§ Exercise objective:
Without any pictures, output the records exactly as they are.

§ Entries provided:
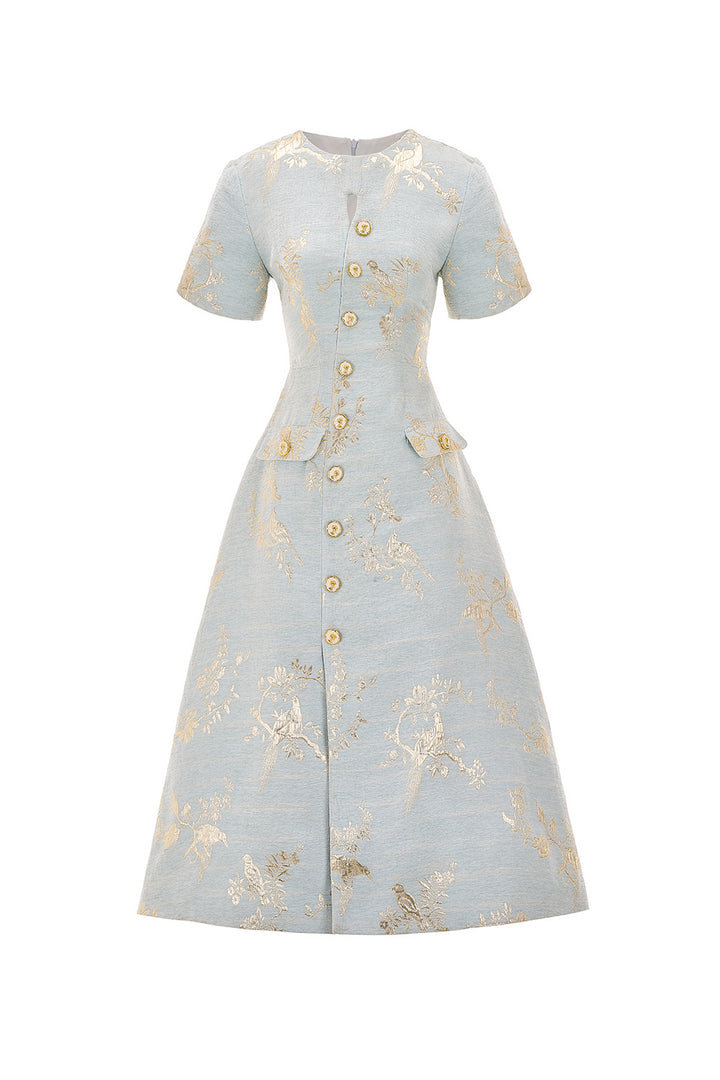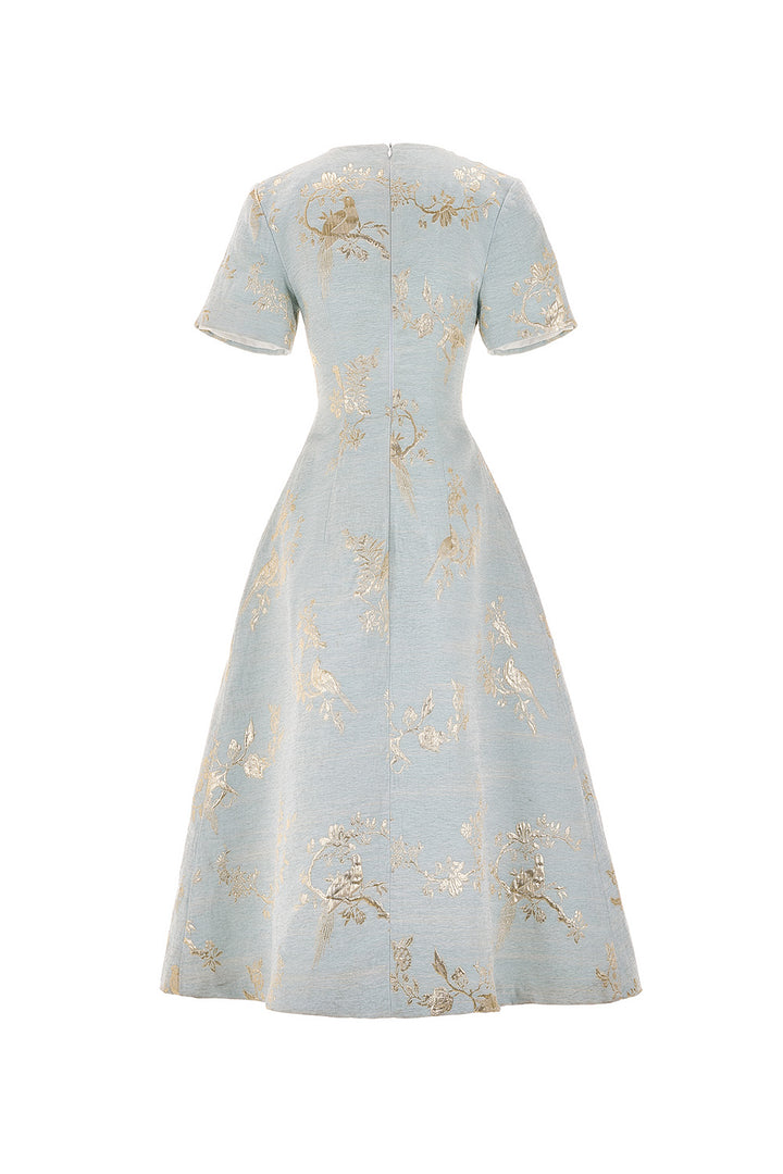 This dress combines elegant style with comfort. The A-line silhouette flatters any body shape, while the round neck adds a unique touch. Made of high-quality brocade fabric, this midi dress is perfect for any semi-formal occasion.
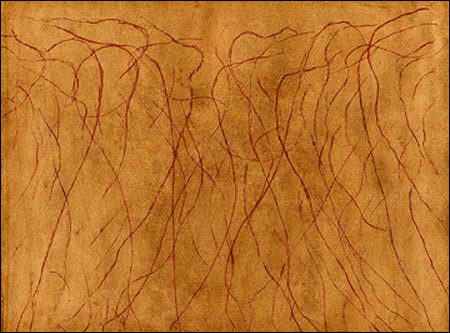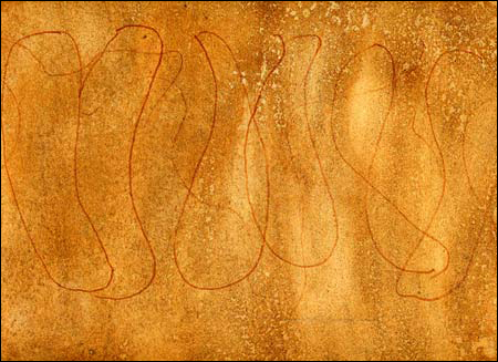 The pieces themselves are small, modest, quiet, uninsistent. A few might be mistaken for half-conscious doodling, others for sections of wrapping paper designed for some particularly somber holiday, others for samples of faux sandstone or cherry veneer. But it is their very modesty that forces the viewer to come in close and contemplate the calligraphic pen strokes, the overlapping layers of ink wash, the mysterious slashes and indentations that show faintly through coatings of dark paint.
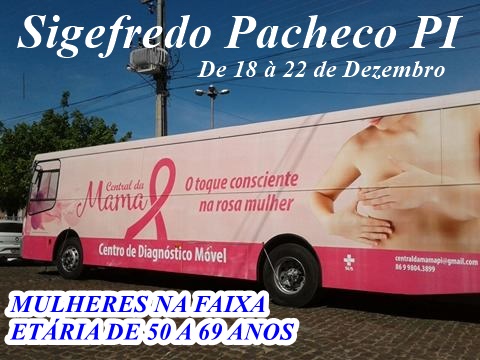 A SECRETARIA MUNICIPAL DE SAÚDE DE SIGEFREDO PACHECO PI, AVISA A TODAS AS MULHERES NA FAIXA ETÁRIA DE 50 A 69 ANOS QUE O ÔNIBUS DA MAMOGRAFIA ESTARÁ REALIZANDO O EXAME DA MAMA DE SEGUNDA A SEXTA FEIRA NOS DIAS 18 A 22 DE DEZEMBRO DE 2017 NA SEDE DO MUNICÍPIO.DOCUMENTOS NECESSÁRIOS PARA O ATENDIMENTO:COMPROVANTE DE RESIDENCIA- CARTÃO DO SUS- IDENTIDADE- CPF
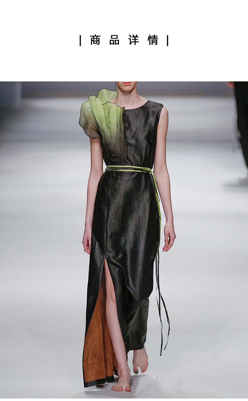 TANGY Collection/天意精品春夏走秀款真丝褶皱拼纱莨绸收腰连衣裙
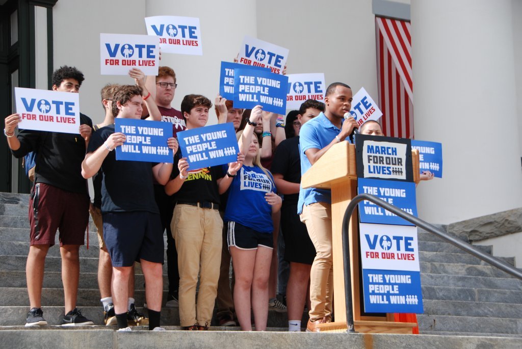 March For Our Lives member Zion Kelly addresses a crowd of press Monday, Nov. 5, 2018, on the steps of Tallahassee’s Old Capitol building as part of a Vote For Our Lives initiative to urge people to vote ahead of that November’s election. (Photo by CD Davidson-Hiers/Florida Phoenix)
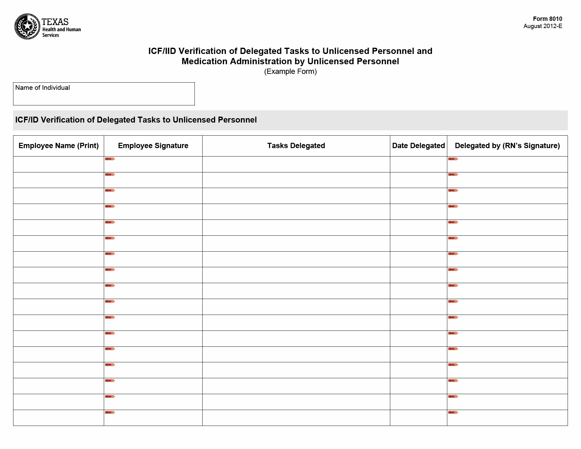 TX HHS Form 8010. ICF/IID Verification of Delegated Tasks to Unlicensed Personnel and Medication Administration by Unlicensed Personnel (Example Form)
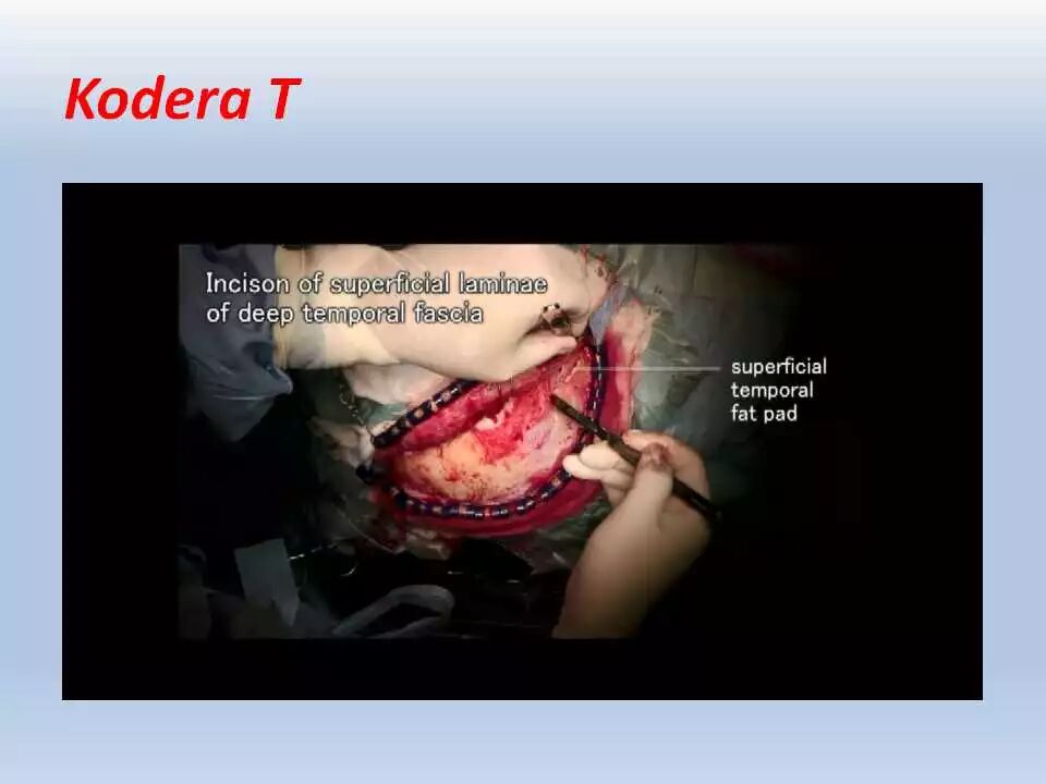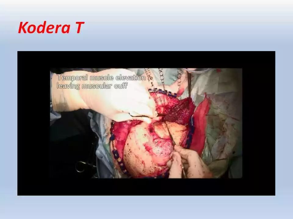 当采用直切口时,从颞肌附着的颞上线水平离断颞肌可最大程度减少对皮瓣的牵拉,并且提供充足的骨质的暴露。

§ Result of this exercise:
 This dress combines elegant style with comfort. The A-line silhouette flatters any body shape, while the round neck adds a unique touch. Made of high-quality brocade fabric, this midi dress is perfect for any semi-formal occasion.
 The pieces themselves are small, modest, quiet, uninsistent. A few might be mistaken for half-conscious doodling, others for sections of wrapping paper designed for some particularly somber holiday, others for samples of faux sandstone or cherry veneer. But it is their very modesty that forces the viewer to come in close and contemplate the calligraphic pen strokes, the overlapping layers of ink wash, the mysterious slashes and indentations that show faintly through coatings of dark paint.
 A SECRETARIA MUNICIPAL DE SAÚDE DE SIGEFREDO PACHECO PI, AVISA A TODAS AS MULHERES NA FAIXA ETÁRIA DE 50 A 69 ANOS QUE O ÔNIBUS DA MAMOGRAFIA ESTARÁ REALIZANDO O EXAME DA MAMA DE SEGUNDA A SEXTA FEIRA NOS DIAS 18 A 22 DE DEZEMBRO DE 2017 NA SEDE DO MUNICÍPIO.DOCUMENTOS NECESSÁRIOS PARA O ATENDIMENTO:COMPROVANTE DE RESIDENCIA- CARTÃO DO SUS- IDENTIDADE- CPF
 TANGY Collection/天意精品春夏走秀款真丝褶皱拼纱莨绸收腰连衣裙
 March For Our Lives member Zion Kelly addresses a crowd of press Monday, Nov. 5, 2018, on the steps of Tallahassee’s Old Capitol building as part of a Vote For Our Lives initiative to urge people to vote ahead of that November’s election. (Photo by CD Davidson-Hiers/Florida Phoenix)
 TX HHS Form 8010. ICF/IID Verification of Delegated Tasks to Unlicensed Personnel and Medication Administration by Unlicensed Personnel (Example Form)
 当采用直切口时,从颞肌附着的颞上线水平离断颞肌可最大程度减少对皮瓣的牵拉,并且提供充足的骨质的暴露。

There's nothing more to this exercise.